Pending Home Sales Increased in February But Took a Dip in the West


Pending home sales increased 0.8% in February compared with January but were down 21.1% compared with February 2022, according to the National Association of Realtors (NAR).

Regionally, and month-over-month, pending home sales increased 6.5% in the Northeast, 0.4% in the Midwest, and 0.7% in the South, while sales decreased 2.4% in the West.

Year-over-year, pending home sales were down 17% in the Northeast, 16.5% in the Midwest, 21.7% in the South, and 28.4% in the West.

“After nearly a year, the housing sector’s contraction is coming to an end,” says Lawrence Yun, chief economist for NAR, in a release. “Existing-home sales, pending contracts and new-home construction pending contracts have turned the corner and climbed for the past three months.

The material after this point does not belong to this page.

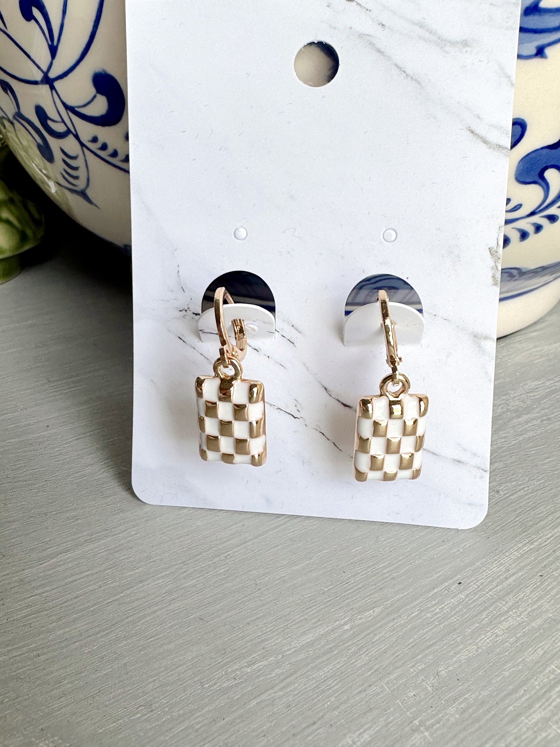 These Checker Rectangle Drop Earrings make a bold statement. Crafted of enamel colors on a brass huggie hoop with a gold plating for added shine, they take any look to the next level. Make a statement with these stunning earrings!

“The affordable U.S. regions – the Midwest and South – are leading the recovery,” Yun adds. “Mortgage rates have improved in recent weeks after the federal government guaranteed the status of most mortgages amidst uncertainty in the financial market. While access to commercial mortgage loans could become increasingly difficult, residential mortgage loans are expected to be more readily available.”

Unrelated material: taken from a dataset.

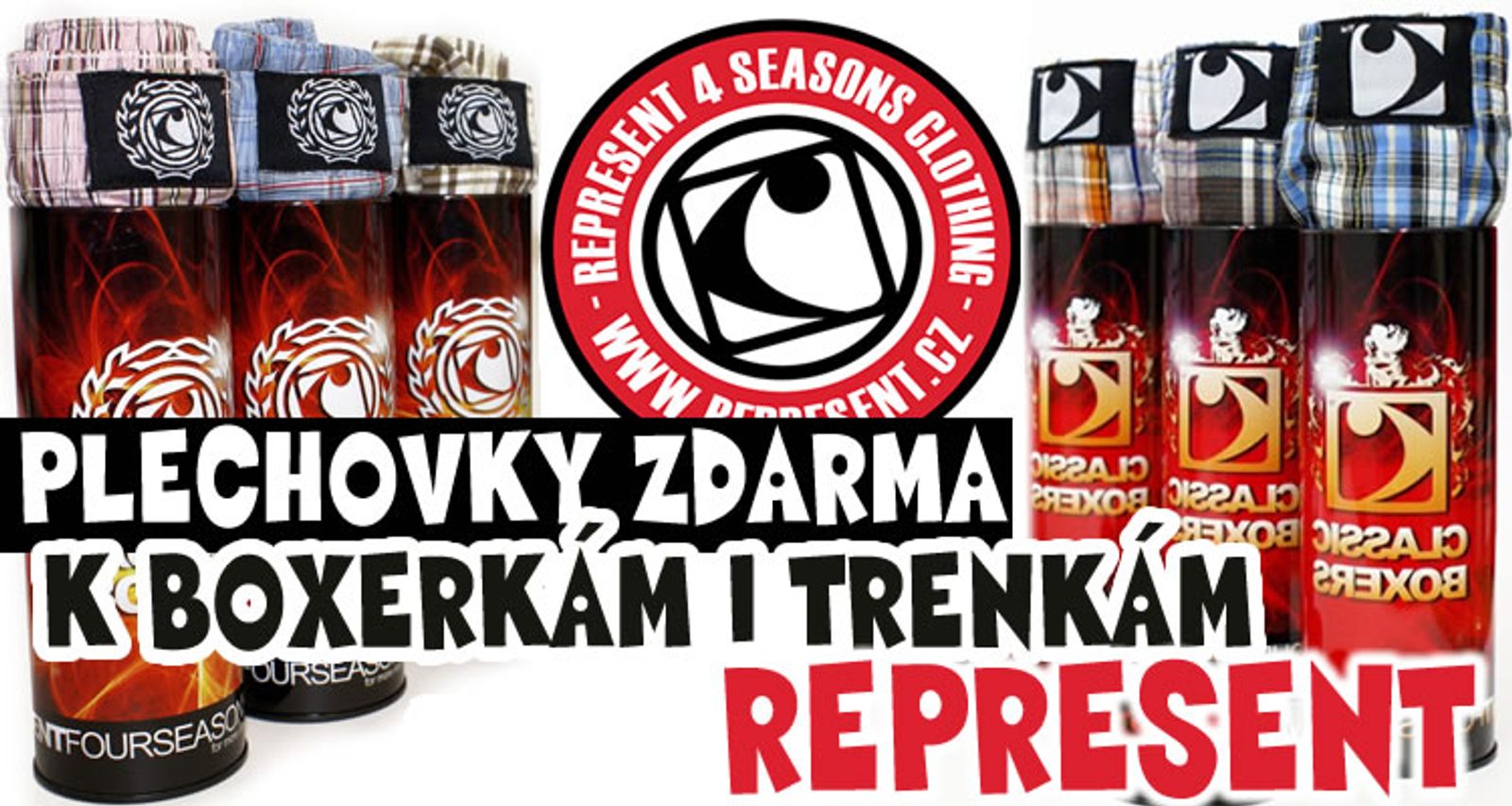 Vážení zákazníci, zákaznice - k trenýrkám REPRESENT i boxerkám REPRESENT - získáváte zdarma plechovku 1ks plechovky = 1 ks trenýrkám. Dříve jsme rovněž balili plechovky dle typu trenýrek - k trenýrkám CLASSIC - byla přidána plechovka CLASSIC, k boxerkám sport - jste získali plechovku SPORT.

“Pending-home sales increased for the third straight month, beating consensus expectations,” says Ksenia Potapov, economist for First American, in a statement. “February’s uptick … is just one of the green shoots signaling that the housing market is thawing in time for spring home-buying. Other leading indicators, including mortgage applications and builder confidence, have also been trending higher.”

Low inventory, however, remains a headwind.

“Higher mortgage rates reduce house-buying power and keep existing homeowners rate locked-in, preventing supply from reaching the market,” Potapov says. “However, potential home buyers are ready to jump in and responsive to lower mortgage rates. Mortgage rates have declined in recent weeks and the labor market has remained strong. If these dynamics persist, housing market activity should continue to warm up along with the weather.”